I was reasoning about the acceptance tests, and that's what this question is about.
Right now, for each acceptance test, we bring an embedded http server that serves some test data, that is specific for the test. We then start up our application, we crawl the test data and we verify the criteria for the test. While this approach has the advantage of testing the whole system from end to end, it has also the side effect of increasing the build time considerably each time we add a new acceptance test.
Is this the right approach for the acceptance tests?
I was wondering if, since the system that provides the feeds is an external one, wouldn't it be better to test the network communication layer and the crawlers at unit level and run the acceptance tests assuming the data has already been crawled?
I'd like to hear some thought from somebody else. :-)
Thanks!
Acceptance tests do tend to run slowly, require more setup and tend to be far more brittle than unit or integration tests. If you search the web for "test pyramid" you will find plenty of information on this. The general consensus is that you should have tests at the unit, integration and acceptance levels. With most tests being unit tests and just a few acceptance tests that do the end-to-end stuff. Often development teams will setup their ci servers to only run any long running acceptance tests during their nightly build processes so that they don't impact the performance of the unit test test runs.
I agree with what Andrew wrote, but wanted to add a different angle to the answer, one which I think is quite often missed in such discussions.
Your team is building a product and your company wants to get the best value for money from this endeavor.
At the beginning you might think that tests slow you down - your system is simple and everyone understands it so why waste time.
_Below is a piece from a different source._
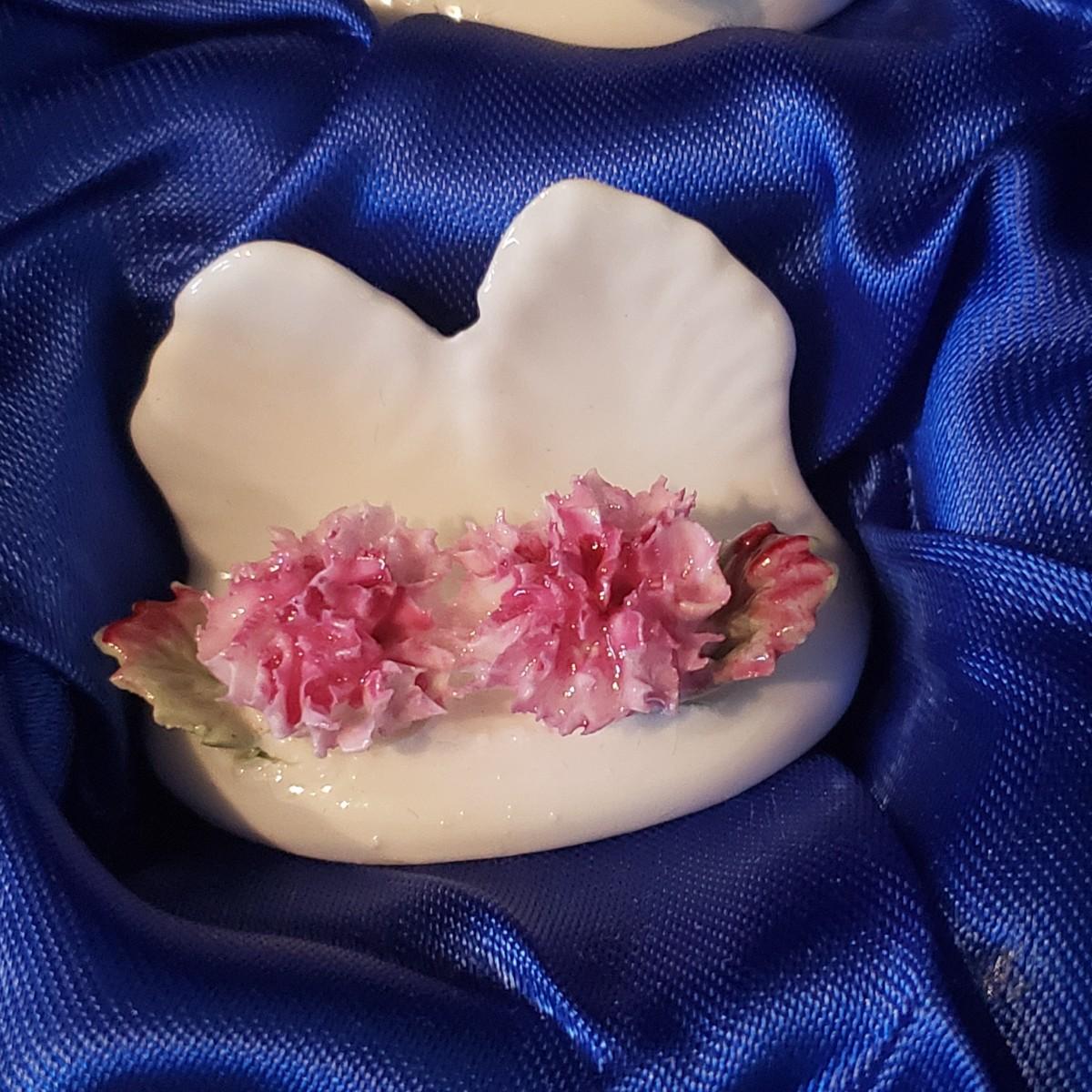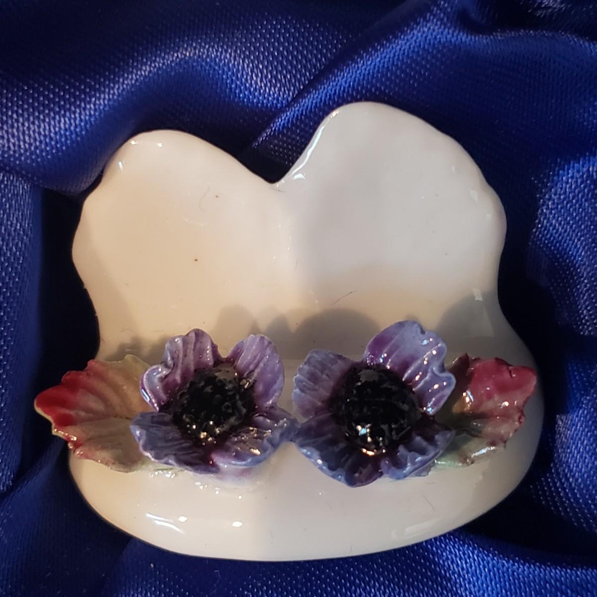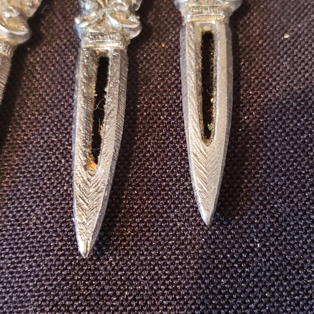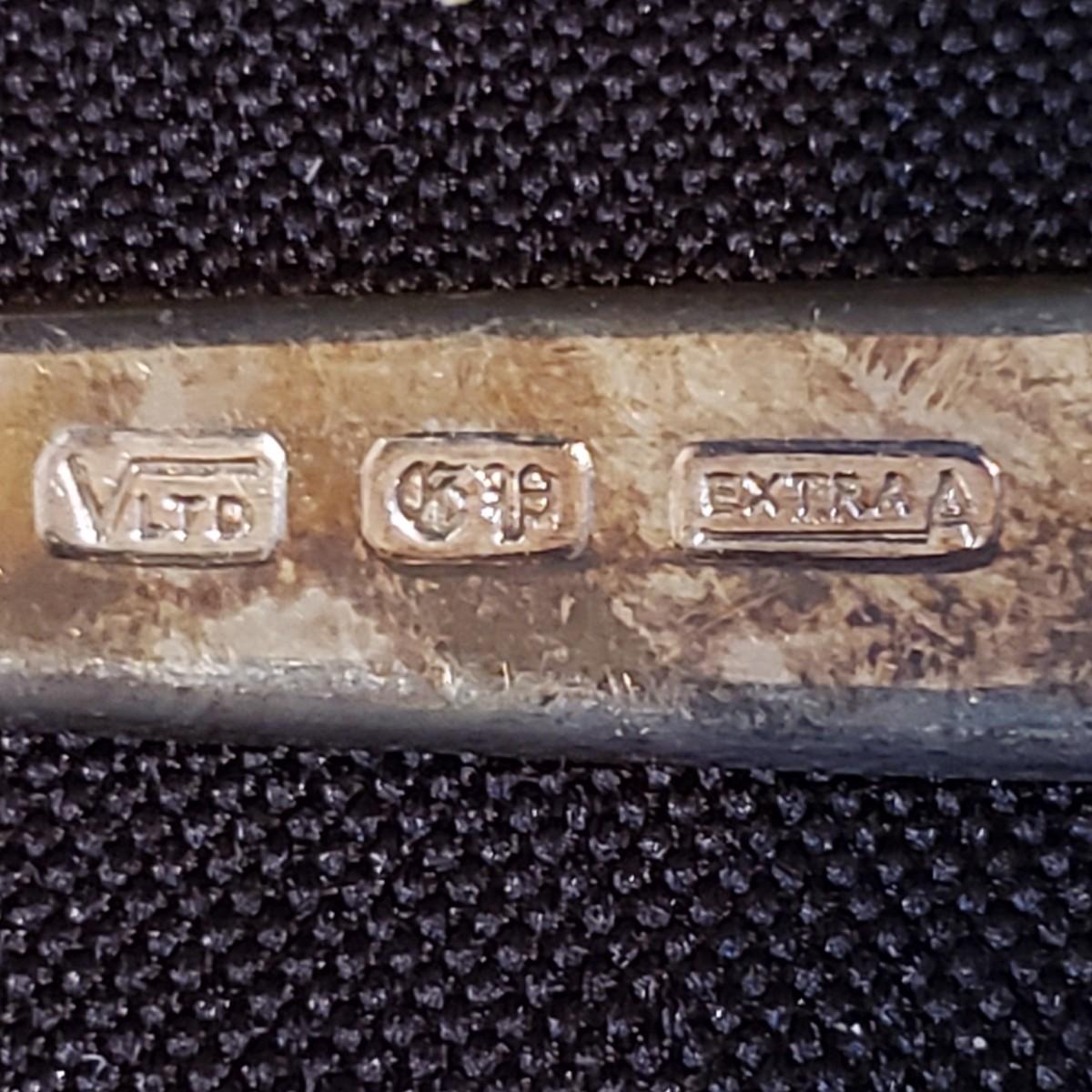 This elegant entertaining lot features six Sheffield forks with ornate handles, and eight crystal salt dishes with shell spoons. The vintage set of six cocktail forks have beautiful craftsmanship in the detailing. There appears to be no markings on these, but it's hard to tell, see pictures. Finally, there are eight card holders made by Ainsley and are fine bone china.

It might feel like you get little value for money from writing tests. But this is obviously wrong if you adopt a longer term view of your product development. But I'll stop here, as I'm preaching to the converted.
However, if you adopt the same mindset when trying to answer your question, you will see that actually the answer depends a lot on your circumstances. I'm going to use a rather simplified math model to explain my thinking:
Let P(bug | test) denote a probability of a bug, provided you are running the test, let C(test) denote the cost of running the test and let C(bug) denote the cost of a bug.
If you focus on a particular bug*, you want to minimize the following:
P(bug | test_1)*C(bug) + C(test_1) ... P(bug | test_n)*C(bug) + C(test_n)
Where your suite consists of n tests.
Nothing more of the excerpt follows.